▶ **PROVIDED INFORMATION**
== Segment start ==

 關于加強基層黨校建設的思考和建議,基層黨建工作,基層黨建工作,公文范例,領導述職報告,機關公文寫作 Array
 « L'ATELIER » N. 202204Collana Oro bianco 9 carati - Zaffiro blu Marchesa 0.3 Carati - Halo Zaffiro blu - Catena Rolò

== Segment end ==
== Segment start ==

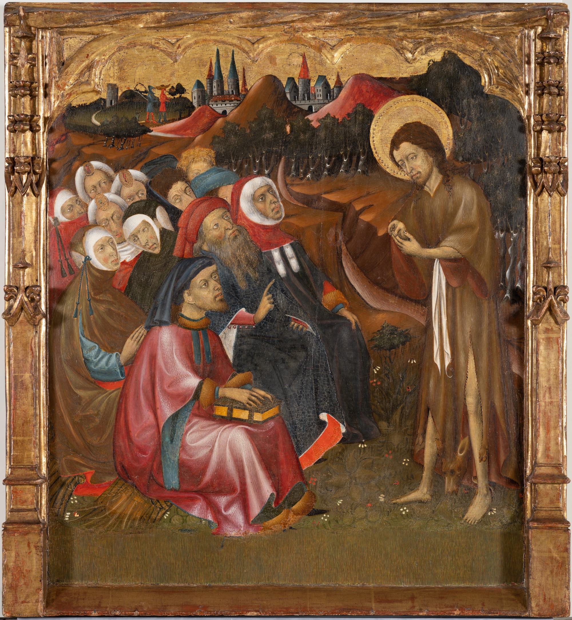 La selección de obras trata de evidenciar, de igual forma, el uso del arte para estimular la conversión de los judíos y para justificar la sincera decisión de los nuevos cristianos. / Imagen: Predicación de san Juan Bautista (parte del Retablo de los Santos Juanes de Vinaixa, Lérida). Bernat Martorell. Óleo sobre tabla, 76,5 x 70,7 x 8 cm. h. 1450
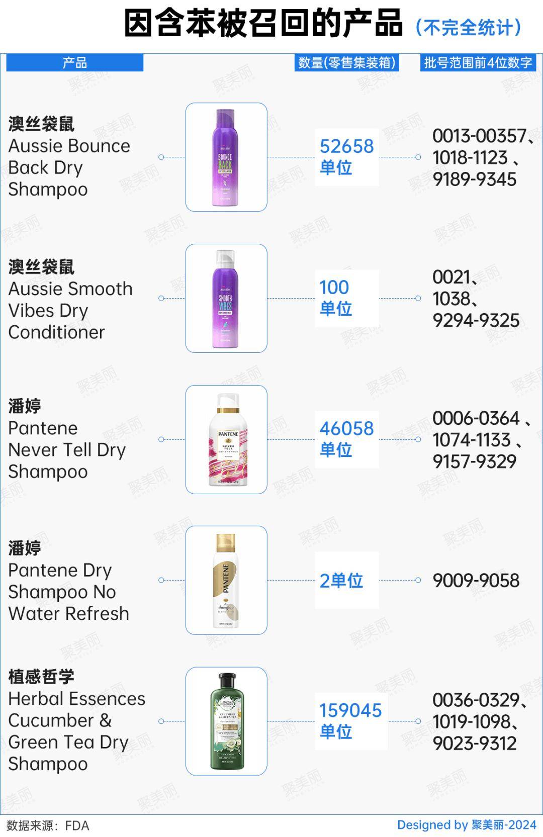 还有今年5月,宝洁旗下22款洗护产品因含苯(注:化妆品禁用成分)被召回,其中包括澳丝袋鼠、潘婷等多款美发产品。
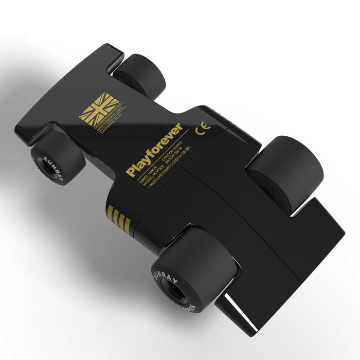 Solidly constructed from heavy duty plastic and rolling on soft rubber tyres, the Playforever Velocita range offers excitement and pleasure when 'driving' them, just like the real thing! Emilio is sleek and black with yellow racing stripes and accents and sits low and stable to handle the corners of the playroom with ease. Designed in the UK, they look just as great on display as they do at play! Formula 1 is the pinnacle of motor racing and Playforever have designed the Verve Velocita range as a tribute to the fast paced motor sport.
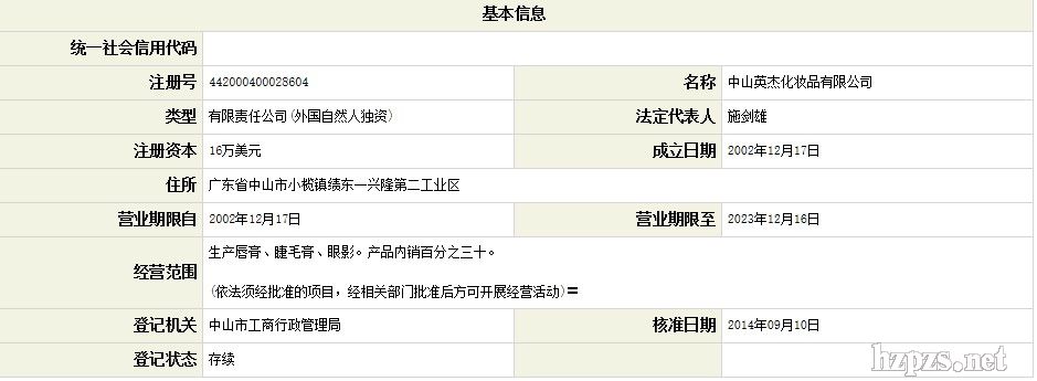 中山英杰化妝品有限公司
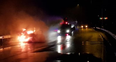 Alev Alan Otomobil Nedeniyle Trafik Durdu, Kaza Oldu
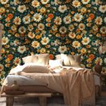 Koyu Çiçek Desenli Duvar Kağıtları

== Segment end ==
== Segment start ==

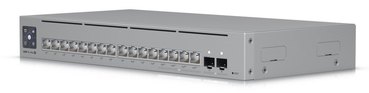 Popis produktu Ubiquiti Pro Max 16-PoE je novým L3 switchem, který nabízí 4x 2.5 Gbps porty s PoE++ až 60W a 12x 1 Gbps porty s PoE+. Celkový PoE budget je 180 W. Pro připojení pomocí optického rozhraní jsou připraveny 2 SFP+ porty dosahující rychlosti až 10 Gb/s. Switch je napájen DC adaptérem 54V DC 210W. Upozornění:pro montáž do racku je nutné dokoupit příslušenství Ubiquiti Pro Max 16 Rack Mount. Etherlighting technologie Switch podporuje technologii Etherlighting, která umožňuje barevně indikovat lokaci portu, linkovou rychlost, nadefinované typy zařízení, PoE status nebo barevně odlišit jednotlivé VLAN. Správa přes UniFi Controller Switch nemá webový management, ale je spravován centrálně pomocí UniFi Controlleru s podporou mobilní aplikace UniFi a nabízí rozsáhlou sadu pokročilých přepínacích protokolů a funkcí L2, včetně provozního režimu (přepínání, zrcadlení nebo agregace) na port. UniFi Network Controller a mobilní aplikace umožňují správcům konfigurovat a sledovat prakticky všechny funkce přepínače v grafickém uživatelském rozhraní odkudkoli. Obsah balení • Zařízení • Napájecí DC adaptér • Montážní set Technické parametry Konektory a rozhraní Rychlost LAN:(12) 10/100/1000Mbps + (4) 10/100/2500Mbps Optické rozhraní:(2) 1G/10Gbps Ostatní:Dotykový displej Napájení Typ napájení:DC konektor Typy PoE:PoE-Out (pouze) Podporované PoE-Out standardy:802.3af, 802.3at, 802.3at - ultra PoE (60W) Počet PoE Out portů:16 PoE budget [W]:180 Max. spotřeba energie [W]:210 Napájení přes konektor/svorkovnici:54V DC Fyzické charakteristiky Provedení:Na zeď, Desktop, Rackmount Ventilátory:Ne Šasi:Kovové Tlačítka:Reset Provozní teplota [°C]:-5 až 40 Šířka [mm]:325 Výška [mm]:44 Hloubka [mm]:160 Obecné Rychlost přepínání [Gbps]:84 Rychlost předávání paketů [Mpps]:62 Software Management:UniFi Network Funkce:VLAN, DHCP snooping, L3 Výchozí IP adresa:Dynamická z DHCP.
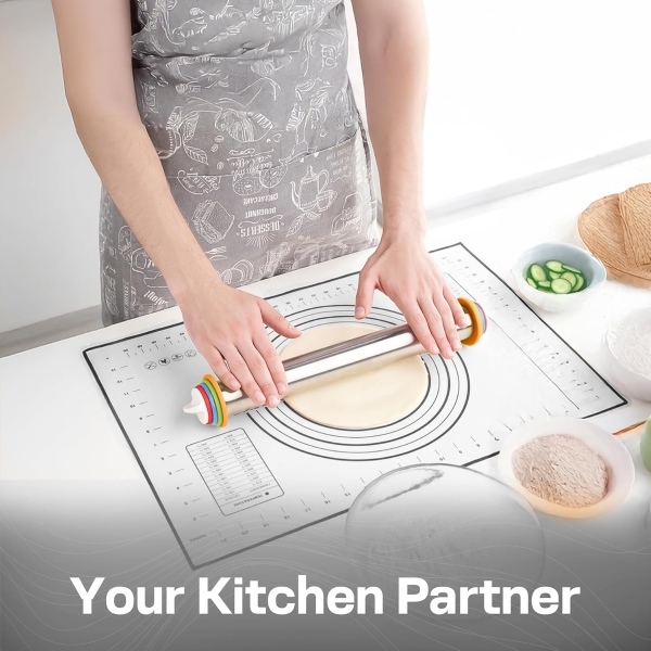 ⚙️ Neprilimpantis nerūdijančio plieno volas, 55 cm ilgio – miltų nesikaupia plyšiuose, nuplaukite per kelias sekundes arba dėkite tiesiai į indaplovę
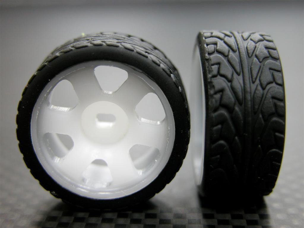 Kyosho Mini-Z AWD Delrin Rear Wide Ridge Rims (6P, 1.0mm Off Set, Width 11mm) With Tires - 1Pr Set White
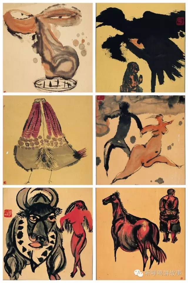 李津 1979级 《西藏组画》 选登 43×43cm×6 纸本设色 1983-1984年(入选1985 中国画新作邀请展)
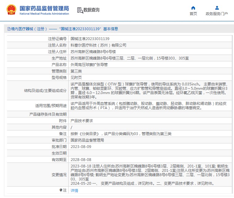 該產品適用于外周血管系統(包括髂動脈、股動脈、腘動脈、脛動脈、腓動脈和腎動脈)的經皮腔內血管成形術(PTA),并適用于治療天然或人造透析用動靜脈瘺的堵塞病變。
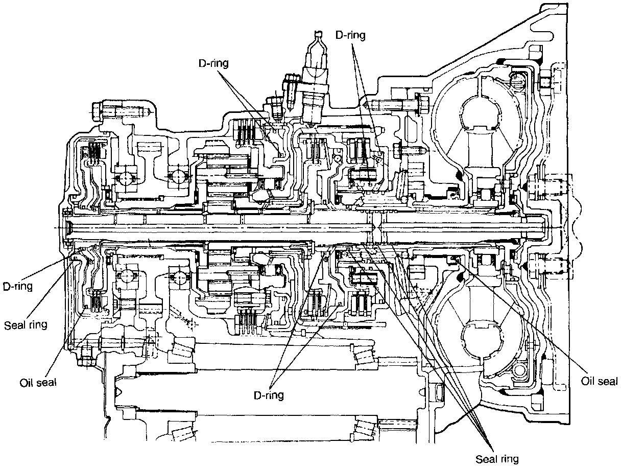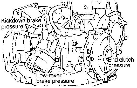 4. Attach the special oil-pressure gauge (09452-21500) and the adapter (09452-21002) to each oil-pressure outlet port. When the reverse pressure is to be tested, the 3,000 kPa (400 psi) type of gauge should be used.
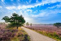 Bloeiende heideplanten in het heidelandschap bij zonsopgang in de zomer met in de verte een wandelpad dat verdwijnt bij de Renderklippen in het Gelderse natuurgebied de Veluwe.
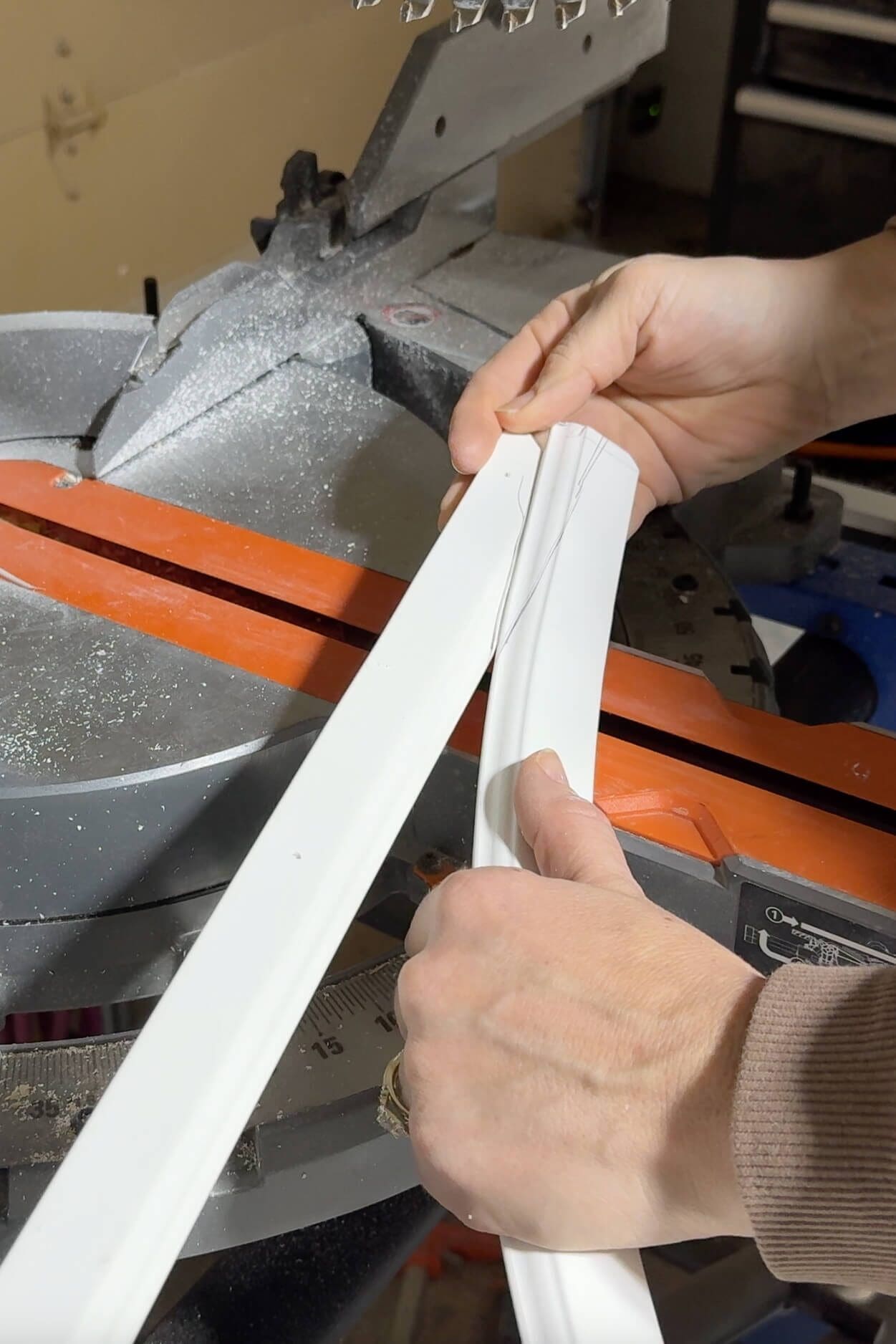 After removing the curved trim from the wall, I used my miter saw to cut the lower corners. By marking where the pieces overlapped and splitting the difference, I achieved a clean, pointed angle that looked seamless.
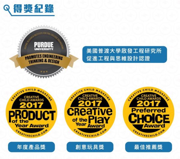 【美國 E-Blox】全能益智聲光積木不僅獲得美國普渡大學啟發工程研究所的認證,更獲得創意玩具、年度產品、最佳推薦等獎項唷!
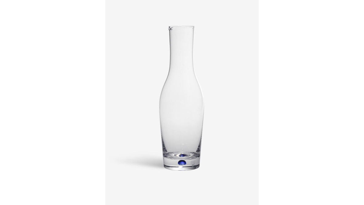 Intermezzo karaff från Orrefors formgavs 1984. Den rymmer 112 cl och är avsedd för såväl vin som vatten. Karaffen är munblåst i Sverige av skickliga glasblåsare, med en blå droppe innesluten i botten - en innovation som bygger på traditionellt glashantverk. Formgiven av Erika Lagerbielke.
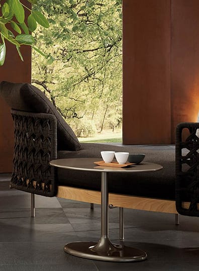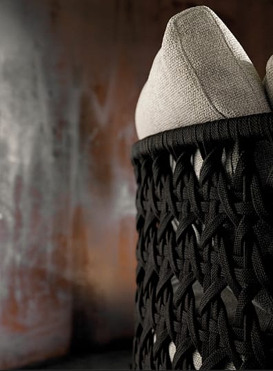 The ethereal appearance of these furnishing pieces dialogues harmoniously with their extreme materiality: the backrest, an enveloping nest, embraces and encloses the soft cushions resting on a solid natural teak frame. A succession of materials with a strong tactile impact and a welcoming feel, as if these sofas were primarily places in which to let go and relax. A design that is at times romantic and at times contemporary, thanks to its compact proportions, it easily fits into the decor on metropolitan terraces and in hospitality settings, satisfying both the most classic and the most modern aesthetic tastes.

== Segment end ==

Take the line above containing "關于加強基層黨校建設的思考和", the line containing "- Catena Rolò", and all lines in between, and copy them exactly without anything else.

 關于加強基層黨校建設的思考和建議,基層黨建工作,基層黨建工作,公文范例,領導述職報告,機關公文寫作 Array
 « L'ATELIER » N. 202204Collana Oro bianco 9 carati - Zaffiro blu Marchesa 0.3 Carati - Halo Zaffiro blu - Catena Rolò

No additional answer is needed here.